── Information shown ──
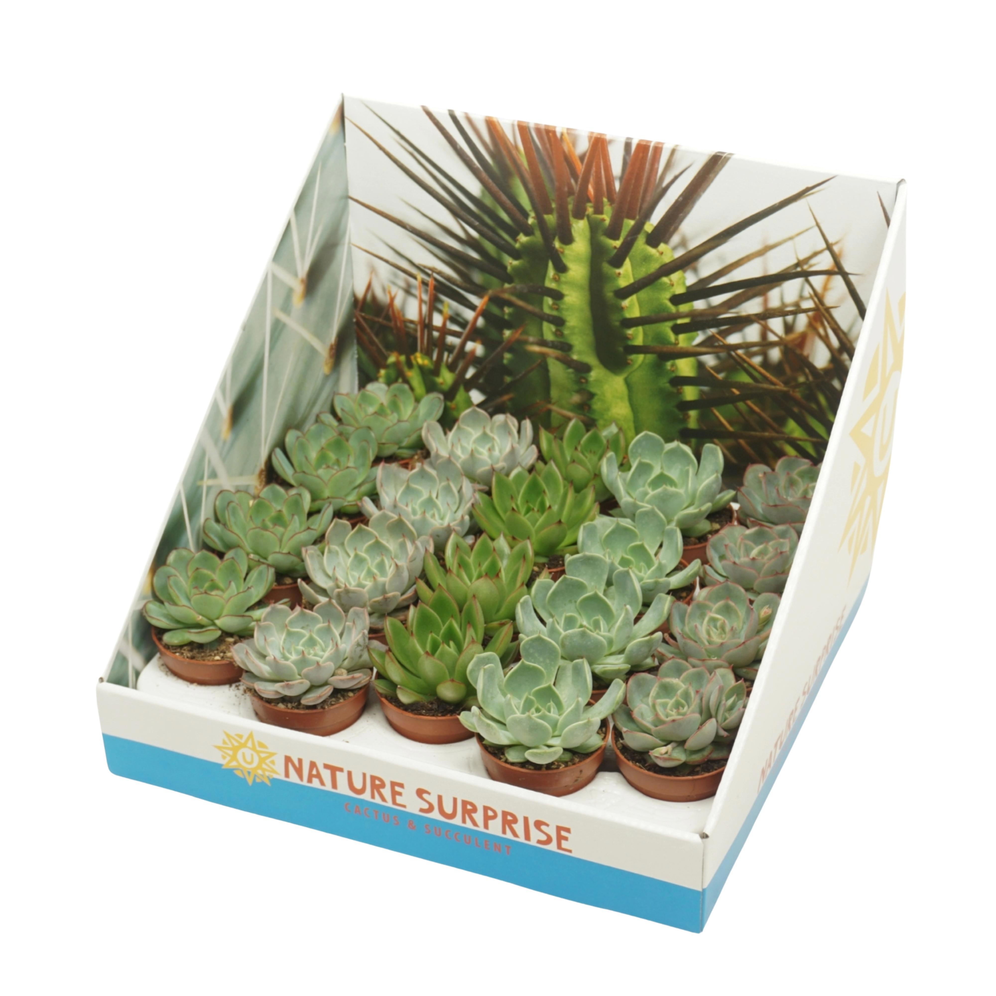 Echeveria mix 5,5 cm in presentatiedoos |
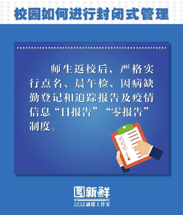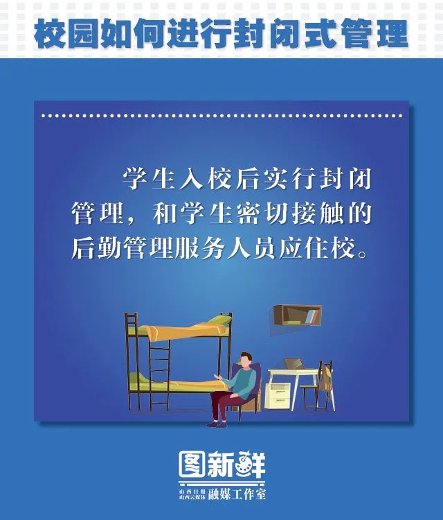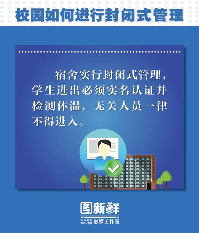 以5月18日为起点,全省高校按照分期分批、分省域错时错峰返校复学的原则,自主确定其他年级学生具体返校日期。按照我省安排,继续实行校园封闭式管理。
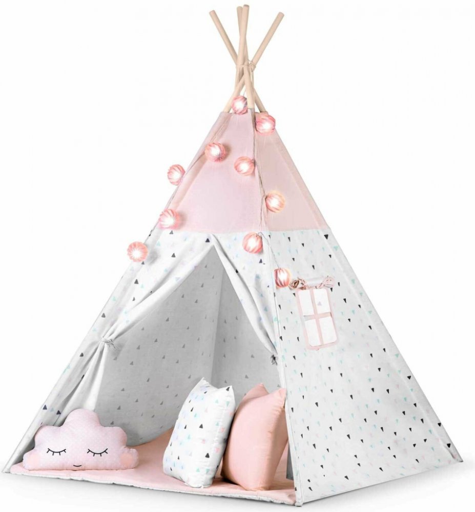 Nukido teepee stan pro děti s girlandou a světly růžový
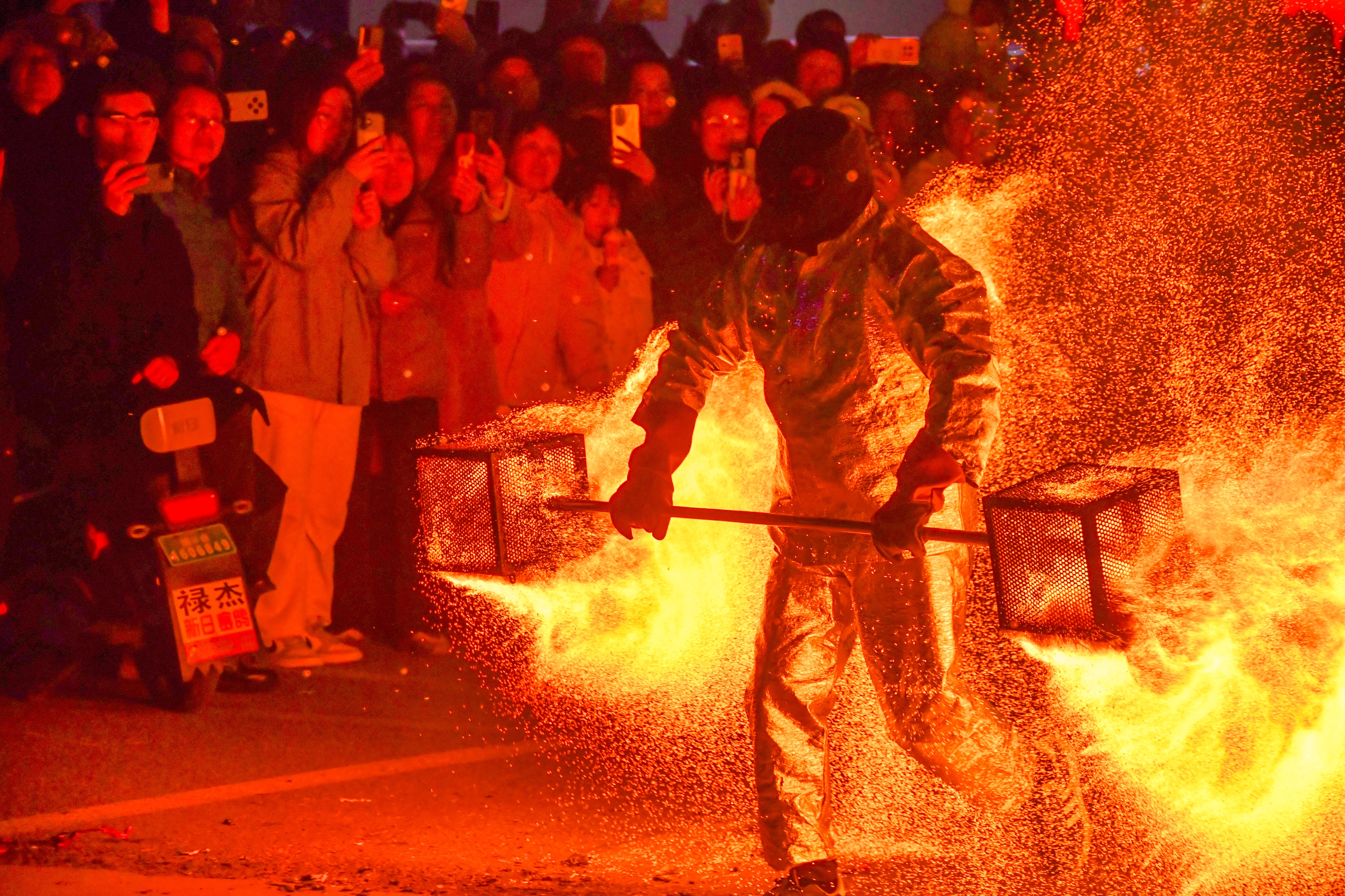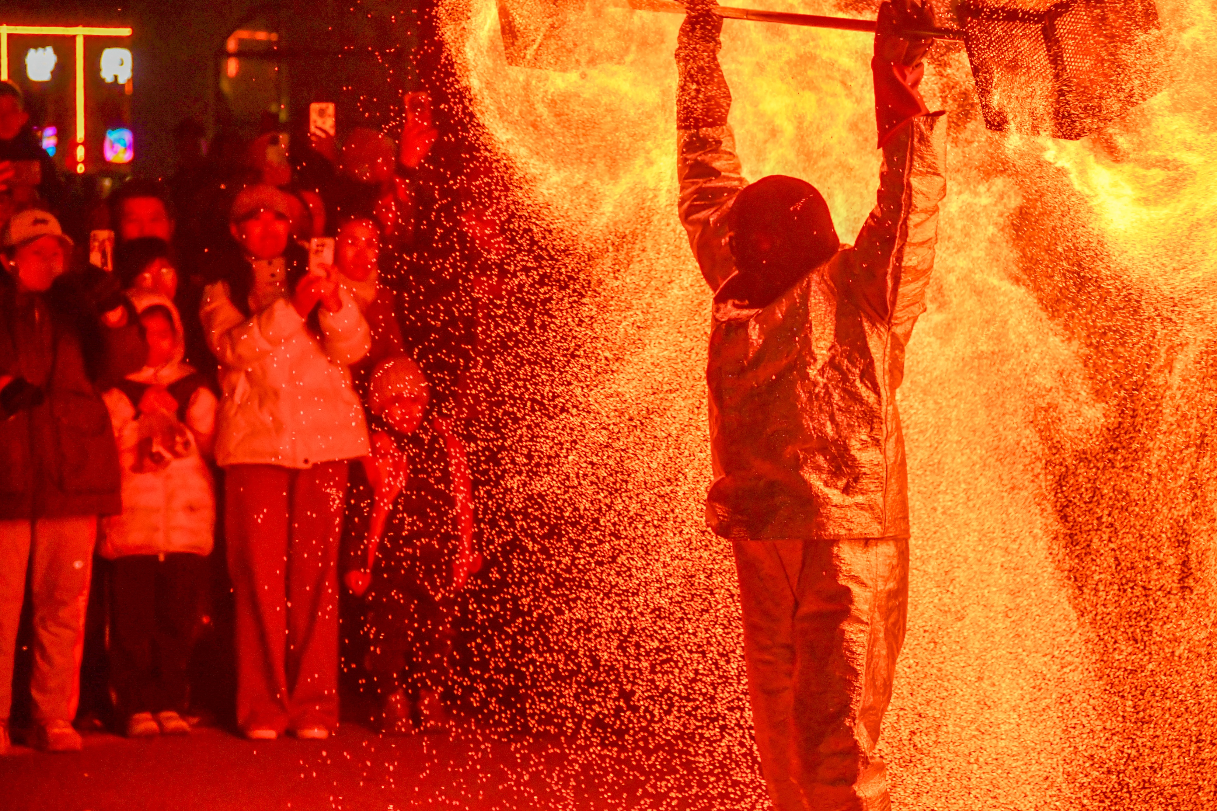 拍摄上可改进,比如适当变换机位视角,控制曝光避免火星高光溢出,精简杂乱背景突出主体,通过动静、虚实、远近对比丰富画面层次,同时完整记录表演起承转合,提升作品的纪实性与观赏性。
───
> **The problem**
Beginning with the line that has "以5月18日为起点,全省高校", repeat each remaining line of the data above word for word, keeping pictures out.

> **Exercise result**
 以5月18日为起点,全省高校按照分期分批、分省域错时错峰返校复学的原则,自主确定其他年级学生具体返校日期。按照我省安排,继续实行校园封闭式管理。
 Nukido teepee stan pro děti s girlandou a světly růžový
 拍摄上可改进,比如适当变换机位视角,控制曝光避免火星高光溢出,精简杂乱背景突出主体,通过动静、虚实、远近对比丰富画面层次,同时完整记录表演起承转合,提升作品的纪实性与观赏性。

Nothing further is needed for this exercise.